Created on 2017-11-10 10:47 by erik.bray, last changed 2022-04-11 14:58 by admin.

Pull Requests
URL Status Linked Edit
PR 4361 open erik.bray, 2017-11-10 10:48
PR 4369 merged ncoghlan, 2017-11-11 06:35
Messages (11)
msg306019 - (view) Author: Erik Bray (erik.bray) * (Python triager) Date: 2017-11-10 10:47
Several of the tests in test_c_locale_coercion (particularly LocaleCoercionTests._check_c_locale_coercion) tend to assume that the system default locale used when setting setlocale(category, "") and when all the relevant environment variables are empty/blank will be the "C"/"POSIX" locale.

While this is often true POSIX does not require this to be the case.  For example on Cygwin it already defaults to "C.UTF-8", so these tests fail because they assume the legacy coercion will be used, when it isn't (e.g. the LC_CTYPE environment variable does not get forced to "C.UTF-8").  In principle this can affect any platform, however, that chooses a different default.
msg306022 - (view) Author: Nick Coghlan (ncoghlan) * (Python committer) Date: 2017-11-10 10:59
Issue 30672 is potentially related here - some of the test cases are already disabled on Mac OS X and other *BSD systems since the tests assume that C & POSIX are aliases of each other.

I've also added Xavier to the nosy list, since the current implementation and tests aren't quite right for Android either and it would be good to come up with a unified solution to more robust platform feature detection: https://bugs.python.org/issue28180#msg305850
msg306023 - (view) Author: Erik Bray (erik.bray) * (Python triager) Date: 2017-11-10 11:16
Yes, I looked at some of the other issues pertaining to this, but it wasn't immediately apparent how to kill multiple birds with one stone, so here I just focused on this one assumption.
msg306027 - (view) Author: Nick Coghlan (ncoghlan) * (Python committer) Date: 2017-11-10 12:49
OK, I'd been meaning to get back to refactoring those tests anyway, so assigning this to myself.

I'm thinking that the right way to go will be to give the test case a more explicit model of "expected platform behaviour" (initialised in setupModule), rather than having that be implicit in a bunch of conditionals scattered throughout the individual test cases.

Then we'd have at least the following cases:

- default is C, POSIX is an alias for C (most Linux distros)
- default is C, POSIX is a separate locale (*BSD)
- default is C.UTF-8 (Cygwin, potentially Android depending on exactly how we resolve that)
msg306036 - (view) Author: Erik Bray (erik.bray) * (Python triager) Date: 2017-11-10 15:24
In my PR there's a behavior test for the default, so we don't have to hard-code that on a per-platform basis at least.  The C != POSIX thing I'm not sure you can easily test for.
msg306078 - (view) Author: Nick Coghlan (ncoghlan) * (Python committer) Date: 2017-11-11 06:41
The essential problem in both this issue and issue 30672 is that the tests are currently incorporating some Linux-specific assumptions about ways to request the "C" locale.

In https://github.com/python/cpython/pull/4369, I've taken the approach of making the baseline tests only cover "C" and "invalid.ascii", and then explicitly *opt-in* to testing an empty locale and "POSIX" on Linux machines.

If that's enough to get the test passing on Cygwin, I'm inclined to leave it at that.

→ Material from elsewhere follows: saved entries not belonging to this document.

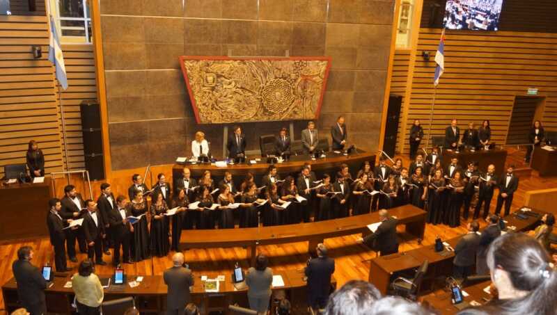 La sesión comenzó con el Himno Nacional Argentino, entonado por el Coro Estable del Centro del Conocimiento, en conmemoración del Bicentenario de la Independencia, que se celebra el próximo 9 de julio.
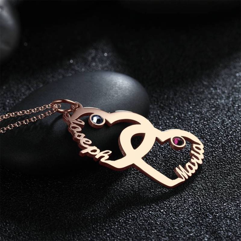Collana Personalizzata Birthstone, Nome Collana A Forma Di Cuore Placcato In Oro Rosa - Argento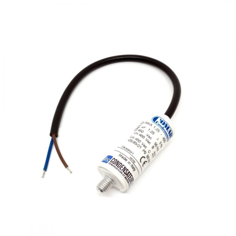 Condensateur permanent 1.25µF (1.25 mf ou 1.25 microfarads) 450V pour démarrage moteur électrique monophasé, pompe d'arrosage, pompe de piscine, ventilateur etc...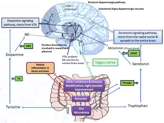 Among environmental factors, the gut microbiota composition is a key player in serotonin and dopamine production, which may play significant roles in delaying or accelerating depression by regulation of tryptophan availability and, subsequently, serotonin synthesis in the gut and brain cells [,]. The gut microbiome–derived metabolites such as butyrate are capable of enhancing the expression and Tph1 activity [,,]. The production of serotonin in the gut, in turn, can influence brain functions via stimulation of the vagus nerve [], while blood serotonin level affects the blood-brain-barrier (BBB) permeability as well []. Moreover, butyrate and epigenetic drugs with similar effects (e.g., sodium valproate) can promote the production of dopamine, noradrenaline, and other related neurotransmitters via enhancing the transcription of the tyrosine hydroxylase (TH) gene [,].

Dynamically calculated test expectations always make me nervous, since it's all too easy to end up with bugs that impact both the test case and the expectation calculator in the same way, and hence end up with the test passing when it should really fail.
msg306079 - (view) Author: Nick Coghlan (ncoghlan) * (Python committer) Date: 2017-11-11 06:44
Note: I'm not entirely sold on my own argument though, as I believe at least Alpine Linux already interprets the empty locale as C.UTF-8, so it may make more sense to use your dynamic check with both the empty string and "POSIX", and only testing those locales if they get reported back as effectively configuring the "C" locale.
msg306083 - (view) Author: Xavier de Gaye (xdegaye) * (Python triager) Date: 2017-11-11 12:57
> Several of the tests in test_c_locale_coercion (particularly LocaleCoercionTests._check_c_locale_coercion) tend to assume that the system default locale used when setting setlocale(category, "") and when all the relevant environment variables are empty/blank will be the "C"/"POSIX" locale.
>
> While this is often true POSIX does not require this to be the case.

I think you are right. The section starting with "The values of locale categories shall be determined by a precedence order;" in [1] states:

4. If the LANG environment variable is not set or is set to the empty string, the implementation-defined default locale shall be used.

In the current implementation of PR 4334 [2] only one change to test_c_locale_coercion is needed to fix the failures of some subtests of test_PYTHONCOERCECLOCALE_set_to_warn when all the locale envt variables are set to the empty string. All the other tests are unchanged and ok because the new _Py_SetLocaleFromEnv() function [3] causes Android to behave as a plain *nix platform except when the locale envt variables are unset or set to an empty string.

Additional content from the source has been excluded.